Pursuant to Federal Rule of Civil Procedure 63 and Bankruptcy Rule 9028, this matter is before The Honorable Richard L. Williams. The Court certifies that the regularly presiding judge is unable to proceed, that the Court is familiar with the record, and that proceedings in this matter may be completed without prejudice to the parties.
. The Wests wrote to the Court in a letter dated May 14, 1996 seeking reversal of their ADR decision and "post-decisional relief" of $10,000 each. Pursuant to In re A.H. Robins Co. (Bledsoe v. Dalkon Shield Claimants Trust), 197 B.R. 550 (E.D.Va.1995), aff'd, 112 F.3d 160 (4th Cir.1997), their letter was docketed on May 20, 1996 as a Motion To Enforce The Plan And Set Aside The ADR Decision. The Court notes that the Wests appear pro se and is mindful that courts must liberally construe the pleadings of pro se parties. See Gordon v. Leeke, 574 F.2d 1147, 1151-52 (4th Cir.) cert. denied, 439 U.S. 970, 99 S.Ct. 464, 58 L.Ed.2d 431 (1978); Coleman v. Peyton, 340 F.2d 603, 604 (4th Cir. 1965).
. Cervical incompetence is an abnormal weakness of the cervix that can result in recurrent miscarriages.
. With respect to Michele West's claim, Referee Abraham concluded:
I find that the claimant submitted no evidence that she suffered a perforated or damaged cervix as a result of Daikon Shield use, or that any of her other conditions were caused by the Shield. In the absence of such evidence, the claimant has not met her burden of proof and I cannot make an award. Trust Ex. D. With respect to Murai West’s claim, he found:
I find that the claimant submitted no evidence that her mother's incompetent cervix, which resulted in the claimant’s premature birth, was caused by Daikon Shield use. In the absence of such evidence[,] the claimant has not met her burden of proof and I can make no award.
Trust Ex. E. ■
.In addition to these three alleged errors, the Wests have copied, almost verbatim, the three grounds for relief asserted by the movants in Bledsoe. Compare Mot. at 1 with Bledsoe, 197
. The Court notes that the original Rules Governing Alternative Dispute Resolution required that hearings be tape recorded. See ADR Rule VIII. There is no comparable provision, however, in the Second Amended Rules Governing ADR.

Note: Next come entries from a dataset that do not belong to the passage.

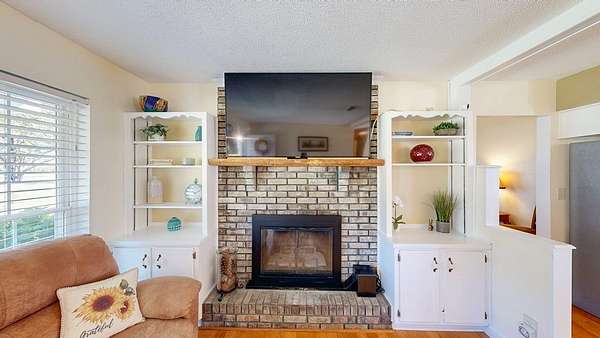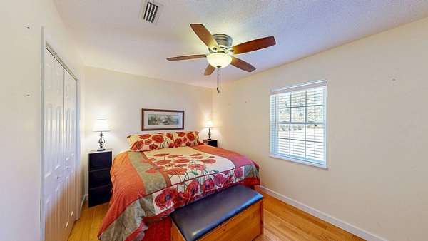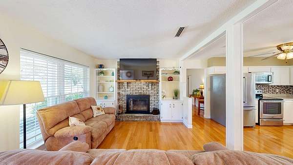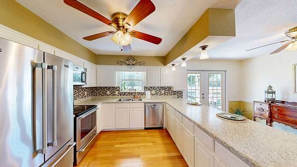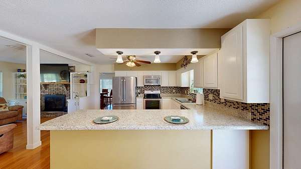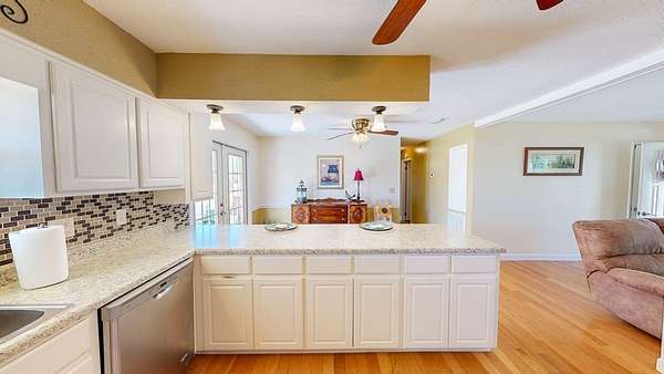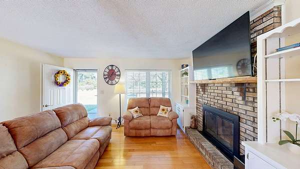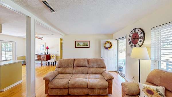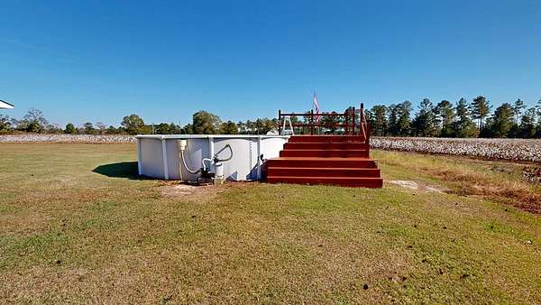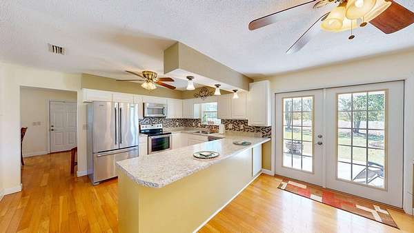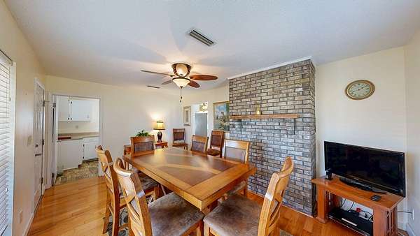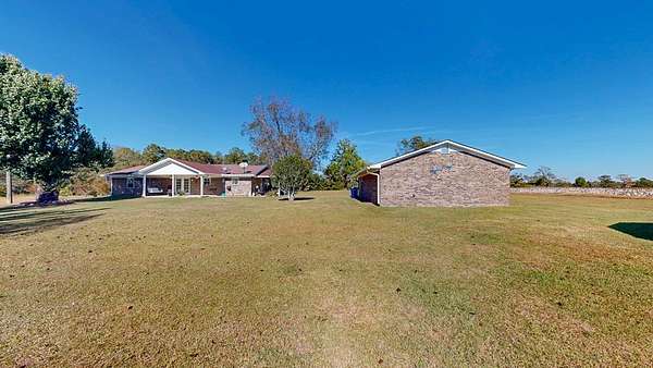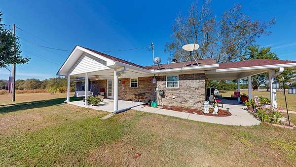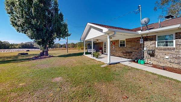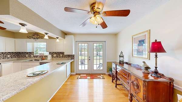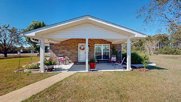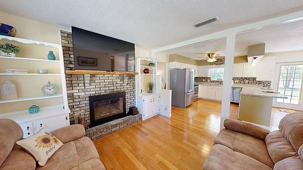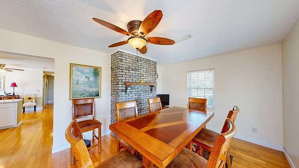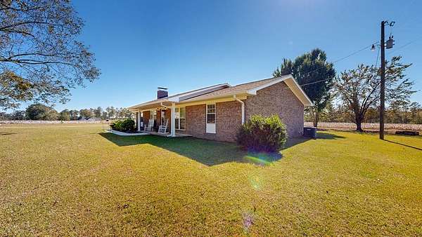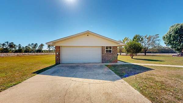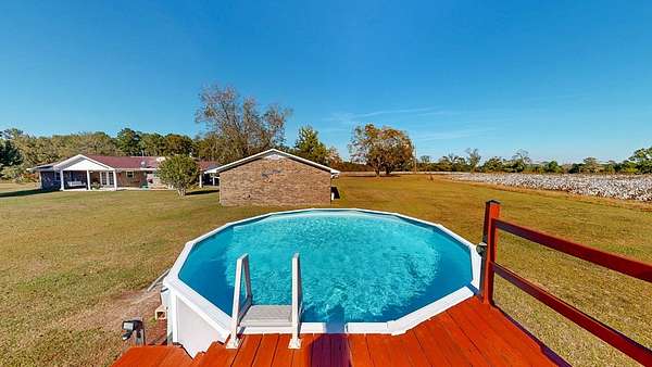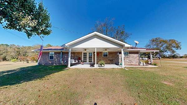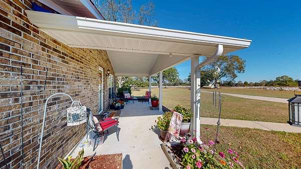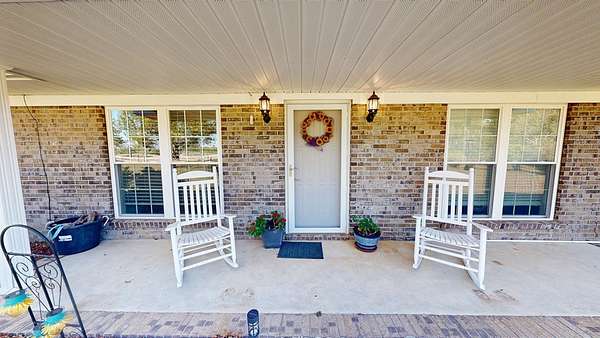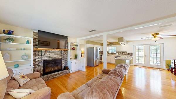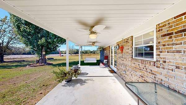 Enjoy peaceful country living in this beautifully maintained 3-bedroom, 2-bath home with 1,431 square feet of living space. The traditional layout features a long covered front porch and an open interior design with stunning wood floors throughout (no carpet!). The spacious living area centers around a large brick wood-burning fireplace, while the updated kitchen offers stainless steel appliances, an eat-at bar, and a cozy dining nook with French doors leading to a large covered patio complete with ceiling fans. A versatile bonus room off the living area can serve as a formal dining space, office, or second sitting room. There is a door that opens to another large covered patio. The generous laundry room provides extra storage with built-in cabinetry. The primary suite includes an en suite bath with walk-in shower, and the two guest bedrooms share a hall bath with a large vanity and ample storage. Outside, enjoy a 2-car detached garage with a sidewalk leading to the side patio for easy access to the bonus room. Best yet? There is a refreshing above-ground pool with a small wood deck for easy access. With beautiful farmland views to enjoy from your outdoor living spaces and peaceful surroundings, this property perfectly blends comfort and country charm.
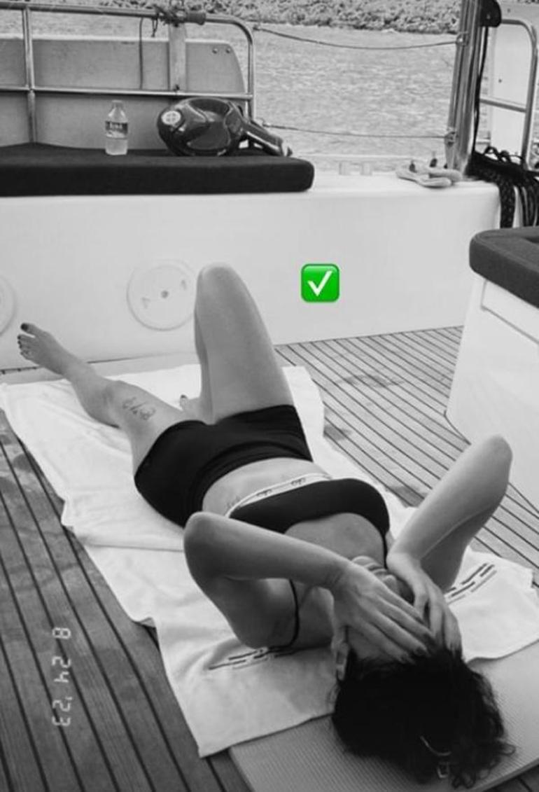 Sayfasının hikayeler bölümünden teknede çekilen pozlarını peş peşe yayınlanan Simge, fit haliyle kısa sürede sosyal medyada gündem oldu.
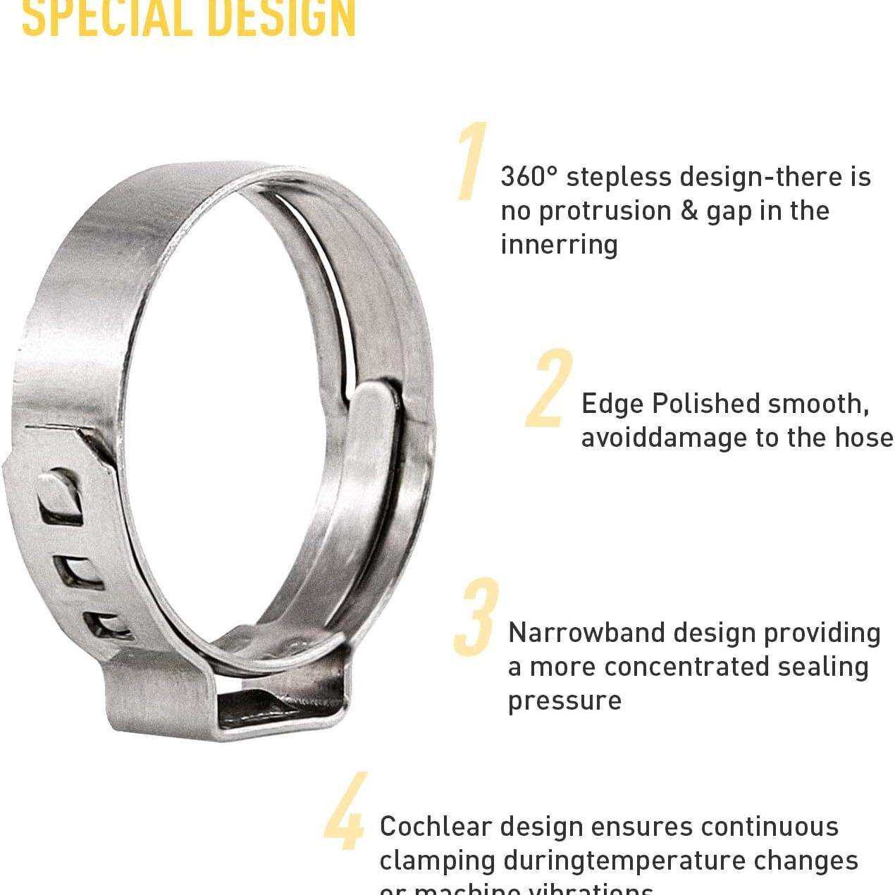 📚 150pcs盒装304不锈钢软卡箍管箍压合软管夹组合套件
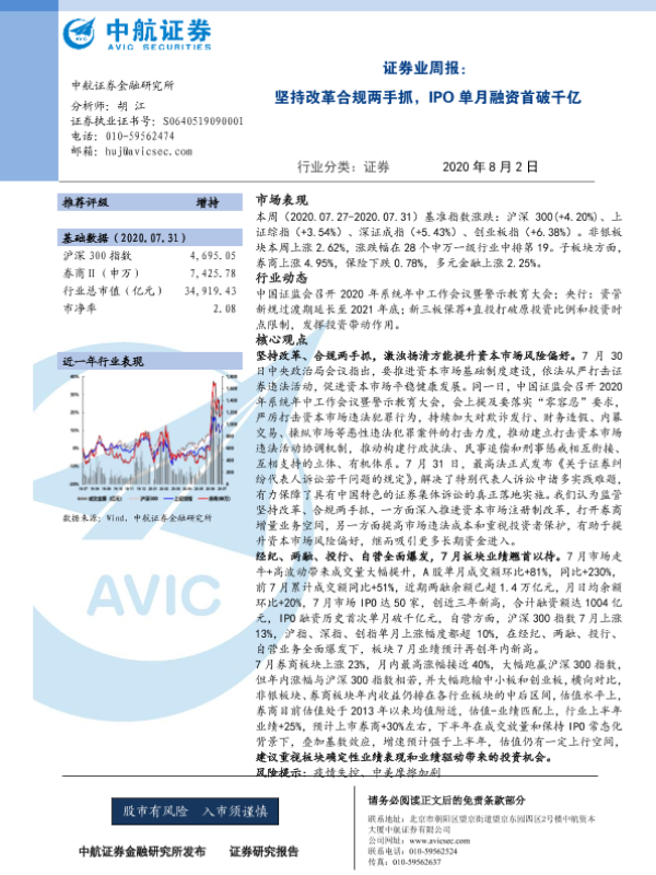 【中航证券】【20200802】证券业周报:坚持改革合规两手抓,IPO单月融资首破千亿-12页 行业研究
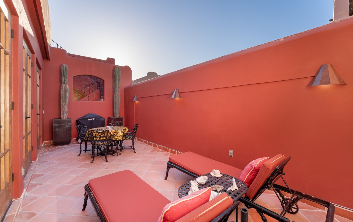 Viva Baja! Casa del Che is naturally light and bright, a rarity in the majority of Loreto Bay homes located in a Unesco World Heritage site on the Sea of Cortez. Watch the whales glide by, swim with the dolphins or play golf and pickle ball all day long!! The 4.100 sq. ft. residence is the largest floor plan for a non-custom home with three exterior living spaces and state-of-the-art Fiber Optic Internet which makes doing business a breeze! The dedicated office/flexroom could easily be converted into a third bedroom. No other Casa has all that this one has to offer. Right on the Paseo, in the primo Founders location, and only 6 homes from the beach it's near the largest Community spa/swimming pool. The 1,700 sq ft ground floor unit, with half bath, is zoned commercial/mixed use and is replete with a golf cart garage and golf cart. Or, need extra space for extended family? Then reinvent it into your own loft-style 3 bedroom, 2 1/2 bath private abode. Unobstructed Gigante Mountain views from the 900 sq. ft. top floor ginormous pergola covered terrace. There one finds the en-suite Primary Master and bath with a custom built armoire that includes a hidden refrigerator, coffee maker and microwave unit. No need to worry about parking because not only do you have a golf cart garage, but you also have a full car/truck garage directly across the Paseo in a brand new gated complex comprised of only 14 garages to store your vehicle, kayaks, bicycles and all your other toys! Casa del Che is tricked out to the max. Too good to be true? Get ready to live the good life!
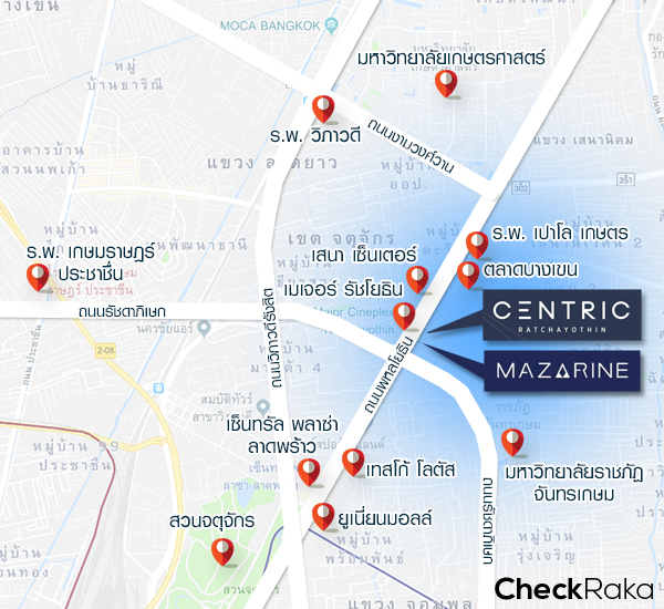 โครงการ Centric Ratchayothin (พิกัด 13°49'53.7"N 100°34'15.6"E) และโครงการ Mazarine Ratchayothin (พิกัด 13°49'44.5"N 100°34'10.1"E) ตัั้งอยู่ที่ถนนพหลโยธิน เขตจตุจักร กรุงเทพมหานคร 10900 โดยทั้ง 2 โครงการห่างกันประมาณ 300 เมตร
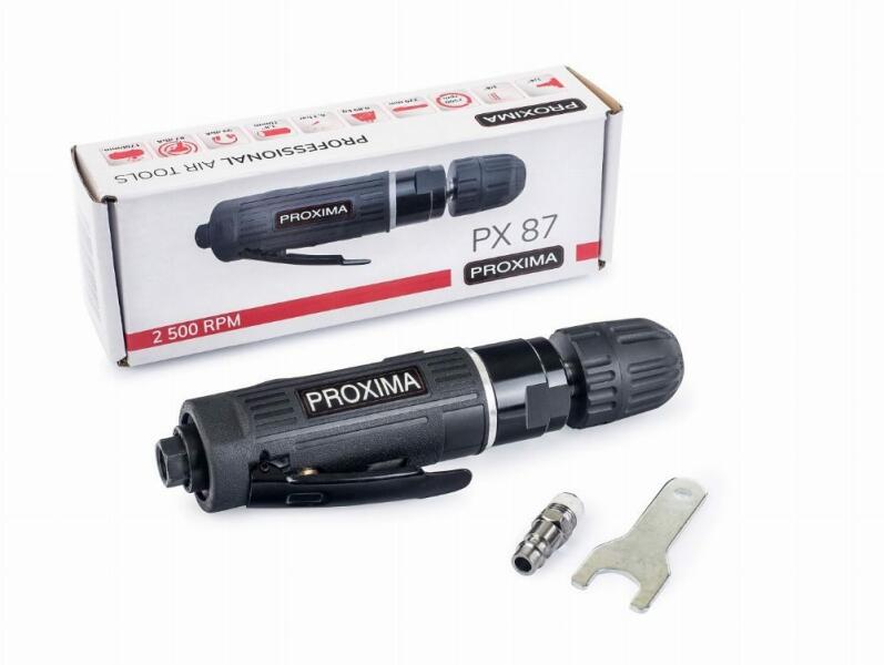 Előnyök: Köszörülés nehezen elérhető helyeken 6 mm-es és 3 mm-es szárral kompatibilis Alkalmazások széles skálája (csiszolás, sorjázás, polírozás) 24 hónap garancia. Műszaki adatok: Fordulatszám: 20 000 / perc Levegőigény: 85 L/perc Szár foglalat: 6mm vagy 3mm Súly: 0,55 kg
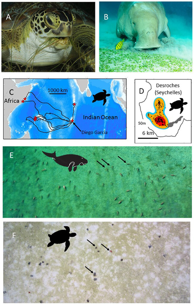 Today our new paper came out in Frontiers of Marine Science. Here we describe this concept, showing how detailed information on the distribution of both dugongs (Dugong dugon) and green sea turtles (Chelonia mydas) obtained, for example, by aerial surveys and satellite tracking, can reveal new information on the location of seagrass meadows. Seagrasses are hugely valuable to human life, but the global extent of seagrass meadows remains unclear. As evidence of their value, a United Nations program exists (http://data.unep-wcmc.org/datasets/7) to try and assess their distribution and there has been a call from 122 scientists across 28 countries for more work to manage, protect and monitor seagrass meadows (http://www.bbc.com/news/science-environment-37606827). We show examples of how marine megaherbivores have been effective habitat indicators, revealing major, new, deep-water seagrass meadows and offering the potential for more informed estimates of seagrass extent in tropical and sub-tropical regions where current information is often lacking.
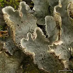 Peltigera canina, commonly known as the dog lichen, is a widely distributed species of foliose lichen in the family Peltigeraceae. It was originally described by Carl Linnaeus in his 1753 work Species Plantarum. German botanist Carl Ludwig Willdenow transferred it to the genus Peltigera in 1787.[2] This species is currently undergoing research as it is likely multiple species under one united name.
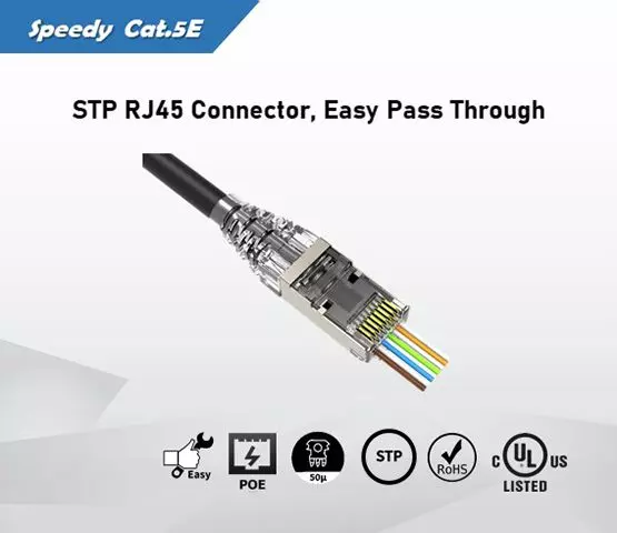 UL Listed Speedy Cat.5E STP Pass Through RJ45 Connector
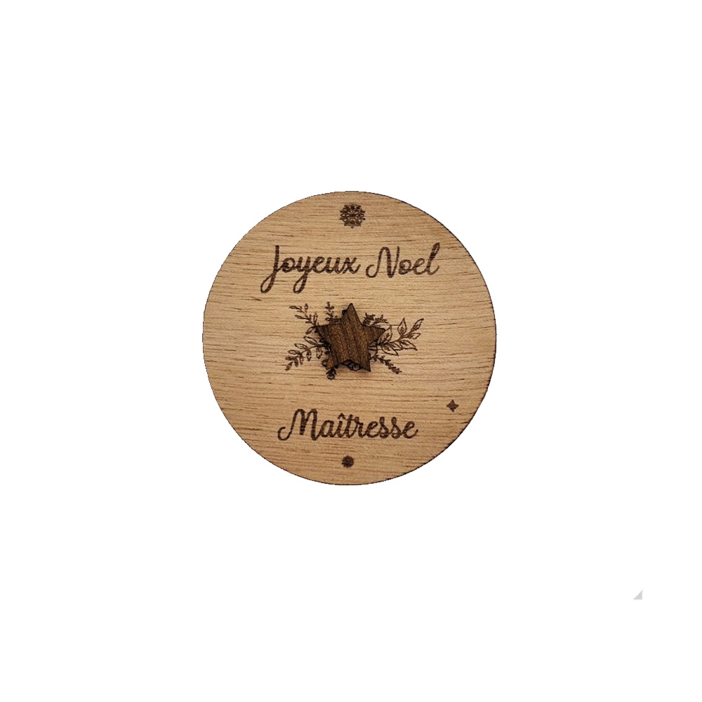 Ce magnet rond en bois naturel (5 cm de diamètre) est orné d’une étoile en relief au centre, délicatement mise en valeur par un fond de fleurs de Noël gravées. L’inscription “Joyeux Noël [Maîtresse / Maître / Nounou / ATSEM]” vient compléter l’ensemble avec une touche douce et festive.
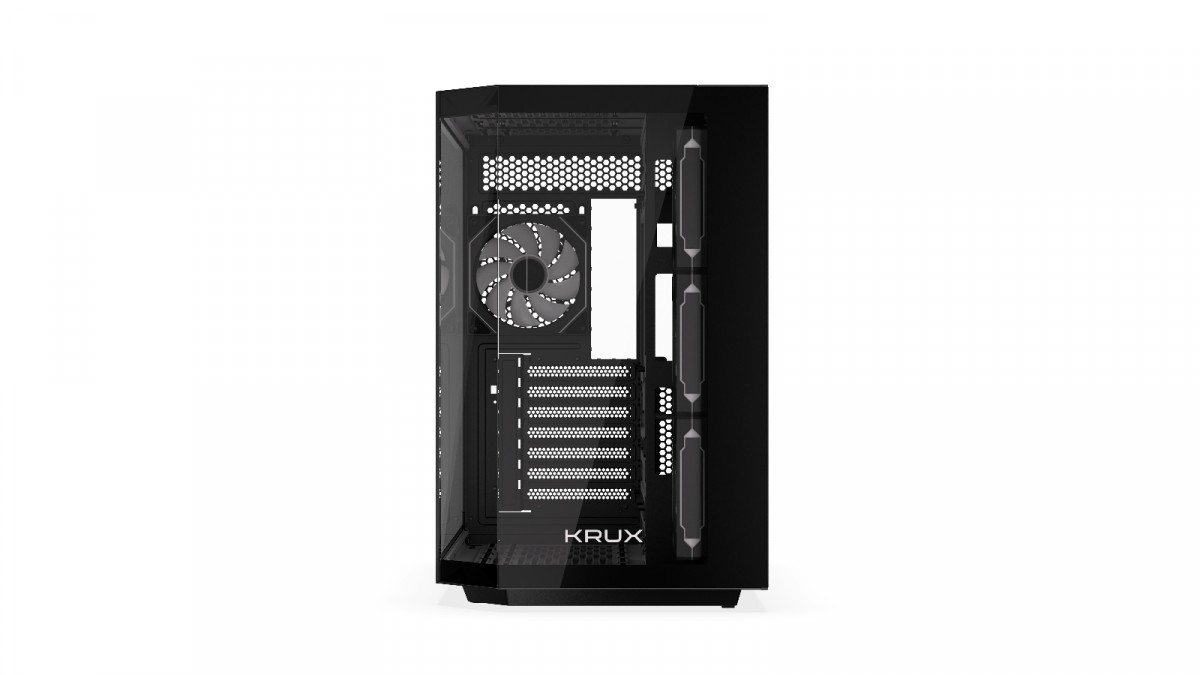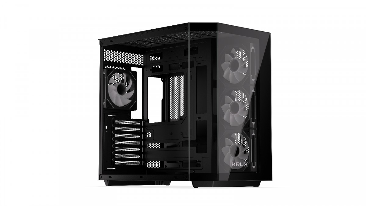 W obudowie Krux Empero zmieścisz podzespoły, takie jak pełnowymiarowe płyty główne ATX (lub mniejsze microATX i mini-ITX), karty graficzne o długości do 420 mm, wieżowe chłodzenie procesora o wysokości do 155 mm, zasilacze o długości do 205 mm, do 5 dysków oraz chłodnice AiO o długości 120, 240, 280, a nawet 360 mm. Domyślnie zamontowany zestaw 4 wentylatorów 120 mm możesz poszerzyć maksymalnie do 10 sztuk.

. Even in instances where there is some indication that the referee was inadequately prepared, this, without more, does not necessarily entitle a claimant to relief. This Court has previously held that claimants choosing ADR must realize that they have bargained for certain risks, including the appointment of an ill-prepared or slothful referee. Bledsoe, 197 B.R. at 554.